September 27, 2015 / 12:12 AM / 4 years ago

Austria urges debate on refugee spending and EU deficit rules

BERLIN (Reuters) - The rising cost of looking after refugees may scupper the budget plans of some European governments, and Brussels should consider exemptions for such spending under its EU deficit rules, Austria’s finance minister was quoted as saying.

Migrants wait for buses in Nickelsdorf Nickelsdorf, Austria, September 26, 2015. REUTERS/Leonhard Foeger

“The short-term costs are high but predictable. More critical is the question of the longer-term effects (on the budgets),” Hans Joerg Schelling told German newspaper Welt am Sonntag, in an interview published on Sunday.

He said a lot of refugees would stay in Europe, which meant governments had to build more houses and schools. “I have my doubts that the budgets that are being planned now will be sufficient,” the minister said.

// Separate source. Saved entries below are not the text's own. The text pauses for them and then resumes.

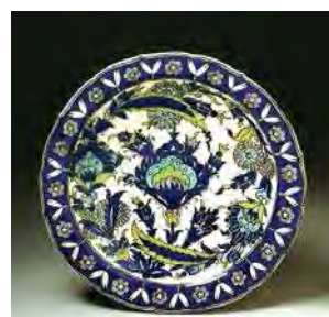
تصویر ۵۰. موزه اشمولن آکسفورد، EA. 1978.1483. مأخذ: سایت موزه.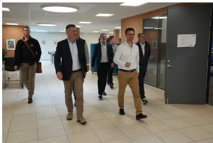
Klimaminister på besøg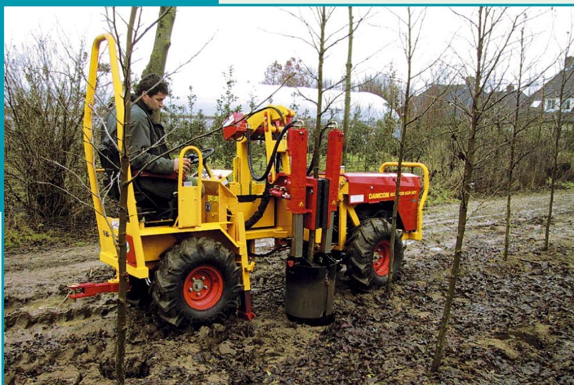
KLR 501 ZR

Arracheuse pour plantes de motte automotrice

Some economists argue that the increased number of refugees will lead to stronger domestic demand, and therefore higher tax revenue. “But you have to keep in mind that this growth push is financed with more spending and more debt,” Schelling said.

The minister said the European Commission should think about not counting such spending as normal expenditure under its deficit rules.

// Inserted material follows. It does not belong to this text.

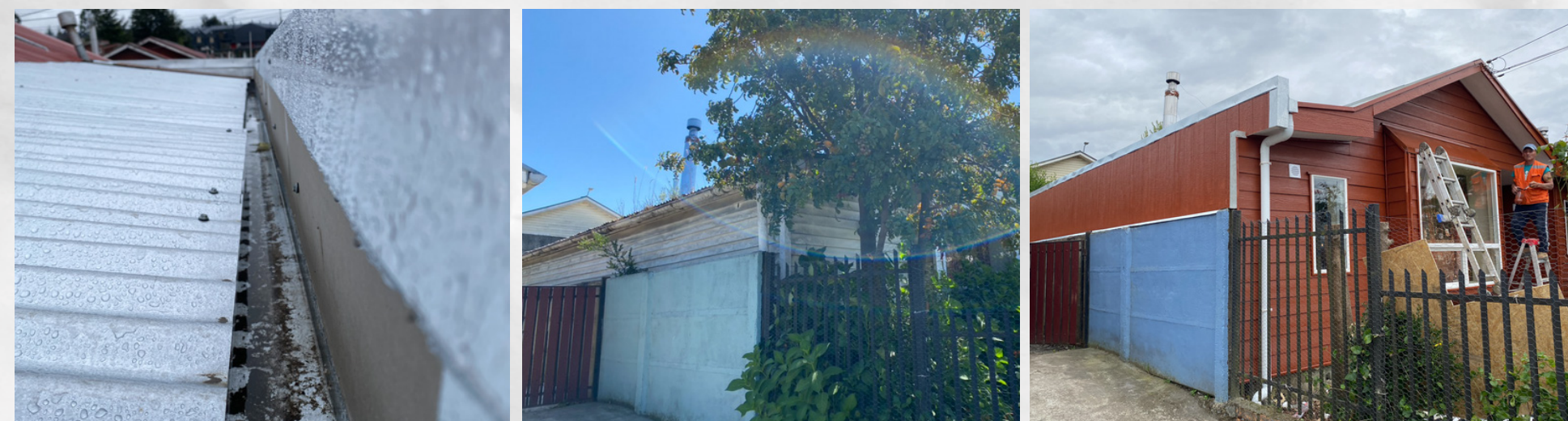
Regularización: Muro adosamiento F-60

“There should be a discussion about whether the high costs for countries such as Germany or Austria and others for the humanitarian measures should be viewed as extraordinary one-time effects,” Schelling said.

German Finance Minister Wolfgang Schaeuble has said he still aimed to maintain a balanced budget this year and next. Some lawmakers have questioned whether that will be possible given the rising costs associated with the migrant crisis.

Chancellor Angela Merkel’s chief of staff ruled out Berlin raising taxes to cover refugee costs.

“We’ve promised the voters that there won’t be tax increases or other levies. We’ll keep that promise,” Peter Altmaier told Der Tagesspiegel in an interview published on Sunday.

Asked if Germany would support exemptions for such spending under EU deficit rules, a finance ministry spokesman denied comment.